May God avenge their blood

Yet as this anger dissipates, I don’t feel empty.

BDS (photo credit: WIKIPEDIA)
BDS
(photo credit: WIKIPEDIA)
When I read the alert that flashed across my phone I was gripped with rage. I tore the blade of grass I was whistling in half and felt the urge to let out a blood-curdling scream. Exactly six months after the massacre at the Pittsburgh Tree of Life Synagogue, a synagogue in San Diego was attacked by a man shouting, “Jews are ruining the world!” as he killed a congregation member and injured others.
But, even though this could have been my synagogue, I didn’t tear down my hammock or punch the tree. Instead I thought, Hashem yikom damam, may God avenge their blood. God will deal with the vengeance. I don’t take this to mean God will come down to smite this murderous soul, simply that we mortals don’t have to deal with this anger. God takes it from us because if we were to deal with it. It would break us.
Yet as this anger dissipates, I don’t feel empty. Like air filling a vacuum one purposely rushes in. Never again. But to do this we must look beyond our Instagram posts and the roots of this antisemitism and cut them out of the ground.
These roots spread everywhere, to the Left, to the Right, and to claim that one side of the political spectrum is the exclusive home is ignorant. From Charlottesville to Pittsburgh to everywhere in between, right-wing extremists have committed violent acts toward Jews. America, besides a certain president, is quick to denounce these people, while other incidents rest below the surface. Swastikas were drawn at Cornell, Penn State, Duke, Tennessee, Minnesota, and Maryland; antisemitic posters and flyers have run rampant, and there was an 89% increase of antisemitic incidents on college campuses last year over 2017.
But these incidents do not stand isolated. The AMCHA initiative collected data to confirm what every Jewish student has felt on campus since the BDS, or boycott, divestment, and sanctions movement started. Any school that has incidents of anti-Israel harassment is dramatically more likely to have antisemitic incidents. “Israeli Apartheid Week” is on almost every college campus in America and engages in directly antisemitic acts. From calling for Palestine to expand “from river to sea,” promoting antisemitic imagery, and calling out Jewish students around campus, antisemitism is inherently tied to Israeli Apartheid Week.
BDS, a movement universally supported at Israeli Apartheid Weeks, received most of its initial support from the Palestinian National Call for BDS, a movement sponsored by the PLO and Hamas, among other Palestinian terrorist groups.

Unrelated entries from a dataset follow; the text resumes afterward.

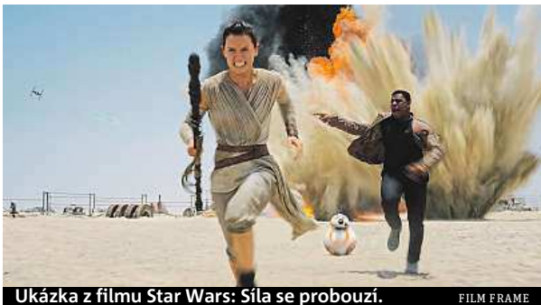
Ukázka z filmu Star Wars: Síla se probouzí.

Sci-fi pohádku mají diváci spojenou především s americkým režisérem a scenáristou Georgem Lucasem, který se podílel na předchozích šesti dílech. Ten aktuální ale natočil J. J. Abrams, který na světové premiéře v Los Angeles poděkoval rodičům, že ho v deseti letech vzali na Hvězdné války. „To byl výborný nápad,“ řekl Abrams.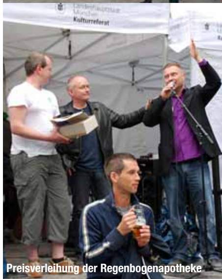
Preisverleihung der Regenbogenapotheke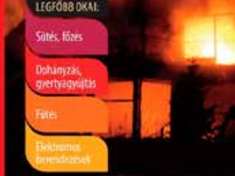
Ha tűz van, hívja a 112-es számot!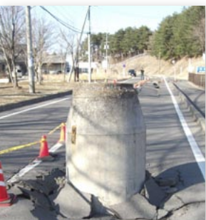
↑突き出たマンホール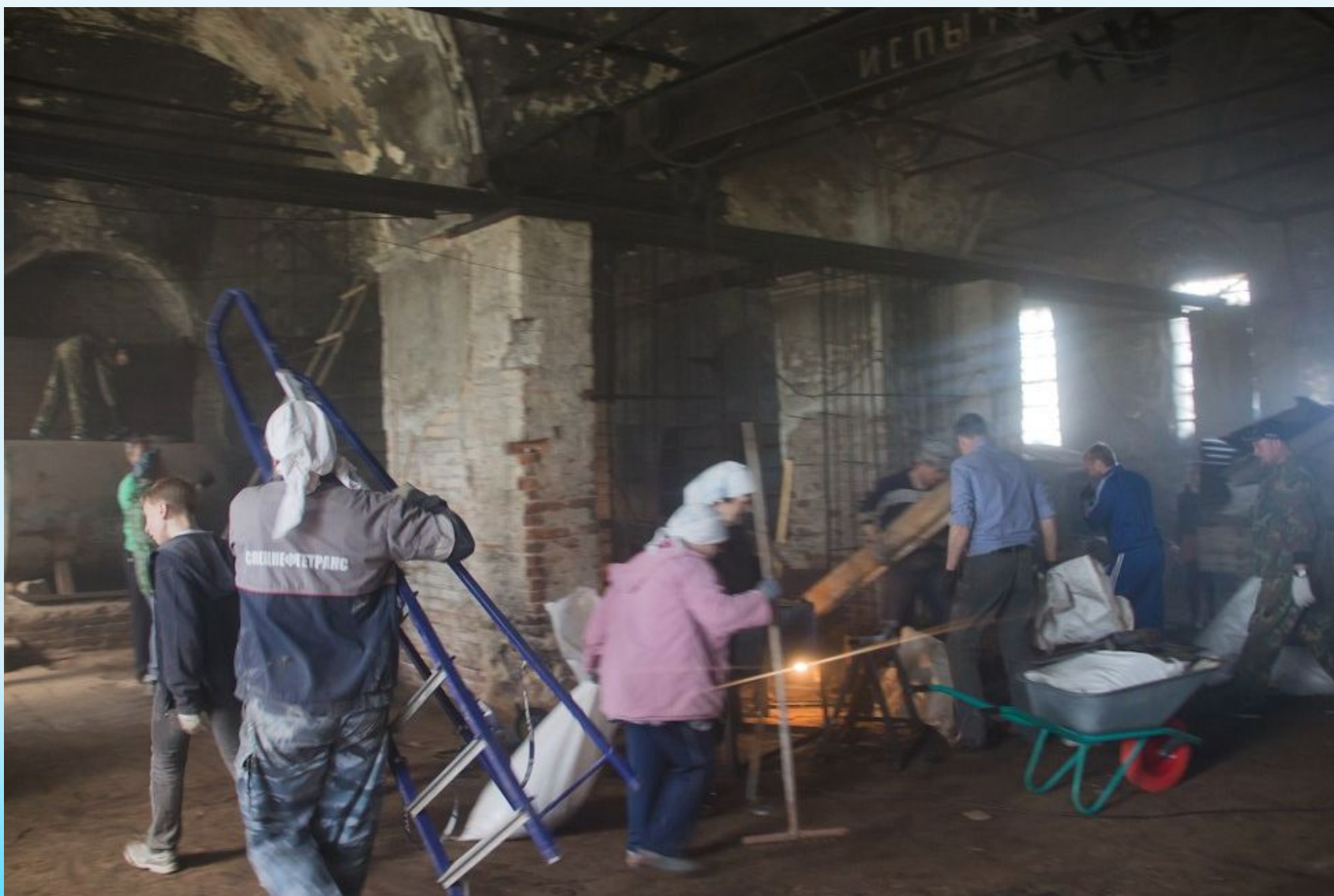
Христорождественская церковь. 11-12 июня 2017 года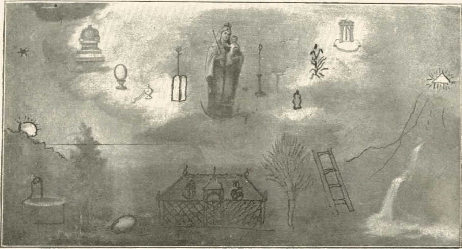
Акаѳистная икона пр. Богородицы въ церкви Рождества пр. Богородицы въ с. Боромла, Ахтырскаго уѣз., Харьковск. губ.

Принадлежит Киевской Городской Народ- ной бесплатной читальне имени Н. В. ГОГОЛЯ и продана быть не может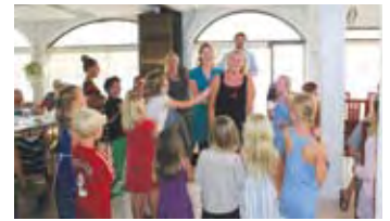
Familiefest s. 19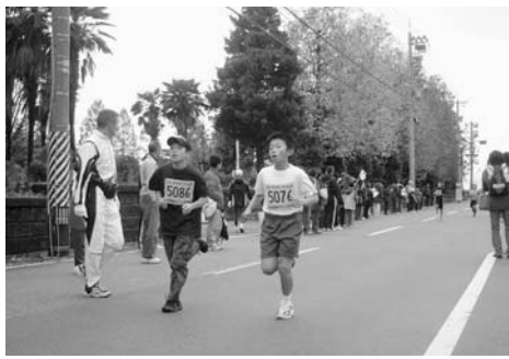
マラソン大会では全員が完走を果たしました

米山町と友好提携を結んでいる富山県入善町で「扇状地マラソンINにゆうぜん」(同町主催)が11月20日、入善陸上競技場で開催されました。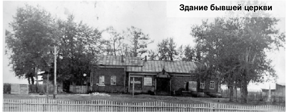
Здание бывшей церкви

В 1938 - 1939 гг. церковь оставалась единственной открытой на территории Сысертского района. По решению трудящихся в феврале 1939 года церковь была закрыта, её здание передали под школу.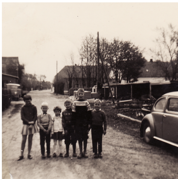
Min barndomsgade i Tvis

Omkring 1954 / 1955, jeg er lidt usikker på årstallet, men da var der kongeligt besøg i Tvis. Den nybyggede sognegård skulle officiel indvies. Jeg husker at vi børn havde fri fra skole, og var linet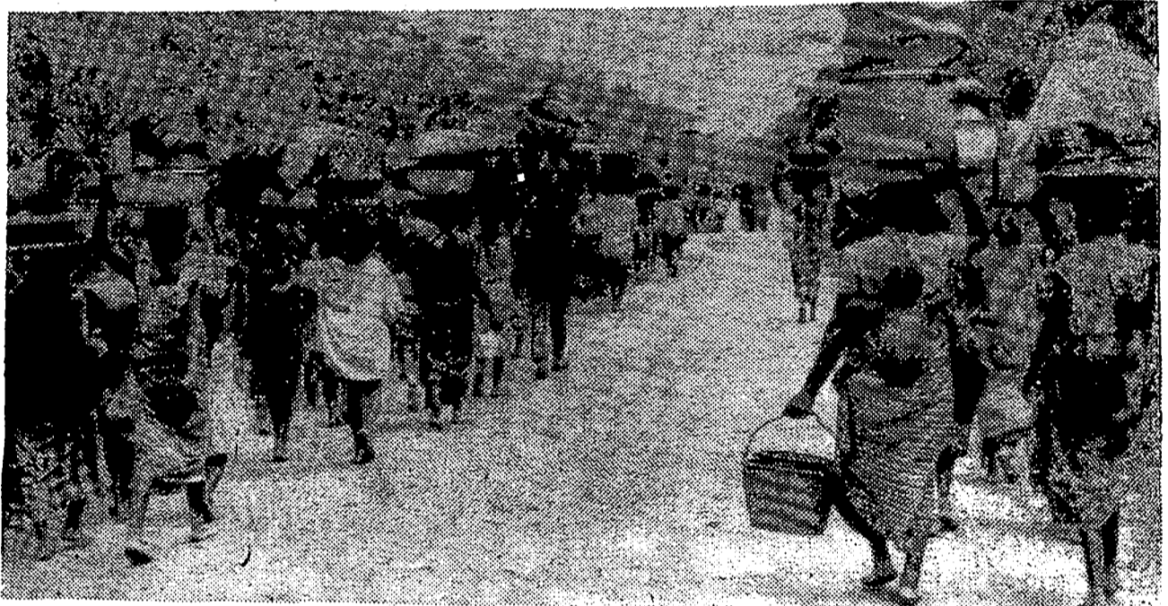
Refugiados de la ex-Biafra, que habían abandonado sus hogares, regresan ahora llevando a la cabeza algunos enseres y ropas, tras la ocupación del territorio por fuerzas nigerianas y la promesa del Gobierno federal de que su seguridad está garantizada.

Terrorist organizations like these are still closely tied to the movement through NGO donations.
Again, antisemitism is a problem not exclusive to the Left, but the normalization of it among the youth is. As college students see antisemitism as normal and admissible in public conversation, the era of America as a protector of Jews will end. When I see BDS being supported on the green, I see the views of the terrorists who killed my cousin being presented as reasonable. I see lengths that weren’t taken against South Africa being called for on a state that has full rights for every citizen; one that even if every blatantly false claim against it were confirmed would still not have committed as many human rights abuses as Iran or Saudi Arabia.
This is the purpose that fills my blood, that makes me write this instead of study for my finals; the need to call this antisemitism; to raise it above the dark that it scuttles in, hiding behind legitimate criticism of Israel, normalizing antisemitism among the new generations gaining political agency.
Don’t stand for antisemitism on your college campus, don’t accept calls for unity from antisemitic groups, don’t be afraid to rip off the mask of Israel criticism, and remember that while God will avenge the fallen we must protect the future.
The writer a Jewish college student at the College of William and Mary who is actively involved as an Israel advocate.